JHUD is the third studio album by American singer and actress Jennifer Hudson. It was released on September 23, 2014 by RCA Records as the follow-up to I Remember Me (2011). The album marks Hudson's first and only release through RCA following the closure of Arista and J Records.

The 1970s-inspired album has already spawned the Pharrell-produced single "I Can't Describe (The Way I Feel)" featuring T.I. and the Timbaland-produced "Walk It Out", for which she shot the music video in Chicago. On August 18, 2014, Hudson released the single, "Dangerous", via her Vevo and SoundCloud accounts.
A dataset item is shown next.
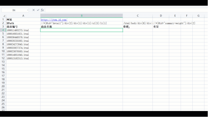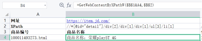 第四步:写公式GetWebContentByXPathW( url, xpath)。url参数传入拼接的网址,xpath用找到数据项。如下图所示:
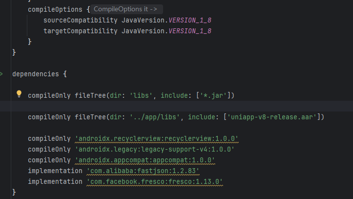 2. 把dependencies下面的依赖都删除,将uniplugin_component下面的build.gradle文件中的依赖都复制过来

The single "It's Your World" featuring R. Kelly was nominated for a Grammy Award for Best R&B Performance. 
In 2019, as a reaction to the documentary Surviving R. Kelly, Kelly's featured song, "It's Your World", was removed from all streaming and online versions and new vinyl and CD pressings of the album. However, the Japan only bonus track "Never Give It Up" replaced "It's Your World" on all streaming and online version of the album, as the tenth track.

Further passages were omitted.